I am sure those those connections are fine... I am asking about what is connected to the dash harness red wire with a yellow stripe and the other red wire with a blue stripe?

Troy


----------



## Snake (Mar 28, 2005)

i will have to look on saturday.. i have two harnesses one going for the speakers i believe and the other one is for mostly the deck.


----------



## Aussie_Dan (Aug 21, 2004)

as i said before..... check your earth!!!!!


----------



## Snake (Mar 28, 2005)

earth as in the black ground wire?


----------



## mrnoname (Feb 24, 2005)

in the factory harness there is a illumination wire that wire will show ground(so you think its the right ground wire) but actually if yu turn your lights on it gets power, then when that wire has power and its connected to the dround wire of the radio its a short and pops the fuse. so moral of the story is just always ground the head unit to some bare metal behind the radio.


----------



## Snake (Mar 28, 2005)

so are you trying to say to ground the orange illumination wire?


----------



## Snake (Mar 28, 2005)

KA24Tech - i took the deck out i have an extra factory harness.. (blue with silver squares) and (red with silver squares) both wires going into a factory harness and stuck going no where.... so thats an open red and blue.. do i take that as ground the blue and hook red as positive ? suggestions on that one pleaseee i have no clue where to wire those ones into maybe red to power and blue to remote?

edit:
sorry there is also a red wire with a silver stripe (or black) hard to tell at 3:10am and it also is part of the three wires in a factory harness going nowhere theres nothing to plug them into.. so overal here it is

going to a factory harness 
Red Wire with Silver Squares
Red Wire with Silver line down it
Blue wire with silver Squares
all leading to factory harness pluging into nothing


----------



## mrnoname (Feb 24, 2005)

no do not ground the illumination. jus cap it off and leave it.


----------



## Snake (Mar 28, 2005)

yep there cut going no where


----------



## mrnoname (Feb 24, 2005)

are yu still having the problem? and if yu are write wat color yu got going to wat. and if yu cut the factory harness or did yu get a harness???


----------



## Snake (Mar 28, 2005)

Yellow - Yellow
Red - Red
Black - Black -black that is grounded on my metal behind the deck and to the left abit
orange white - orange white
orange - cut off with mars cap
blue white - remote for subs
blue white - blue whitch is blue from speaker harness - blue white whitch is part of the cd harness (NOT the harness that goes into the deck the harness that plugs into the other harness that leads to the deck if u understand.
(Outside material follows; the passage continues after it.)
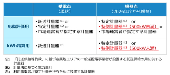 需給調整市場への参入に際しては、「アセスメントII(ΔkWの応動評価)」と「調整力kWh精算」を行うための計量器の設置が必要となる。従来、電気の計量は、計量法に基づき、検定等に合格した計量器(特定計量器)を用いる必要があったが、機器点ごとに当該計量器を設置することは費用面で負担が大きく、実質的な参入障壁となっていた。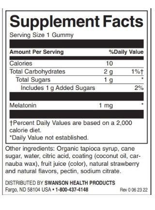 (0.200 Kg./0.441 lbs.)Swanson Kids Melatonin - Strawberry Flavored 1 mg / 60 Gummies

There are no "cut" wires at all except for the orange that is the illumantion i bought the wire harness.

edit:
then i have the speakers wired up but no need to list those i dont think.


----------



## mrnoname (Feb 24, 2005)

the only head units that i know of that hav a orange white on them is pioneer. but even if it is, disconnect it and cap off all the orange wires. but yu said yur head unit has 2 blue/whites???? sony has a blue white and a blue... could that be it???


----------



## Snake (Mar 28, 2005)

i have a jvc deck.... orange white is connected to orange white currently and pure orange is cut

from the factory harness i have blue white on the deck portion of the harness and a blue white on the speaker harness since theres two harnesses.. that plug in on the altima's


----------



## mrnoname (Feb 24, 2005)

ok well only connect the 
yellow + constant
red + ignition
black - ground

blue/white + remote turn on(if yu hav an amp)

white + front left
white/black - front left

grey + front right
grey/black - front right

green + rear left
green/black - rear left

purple + rear right
purple/black - rear right

do not hav either orange connected.


----------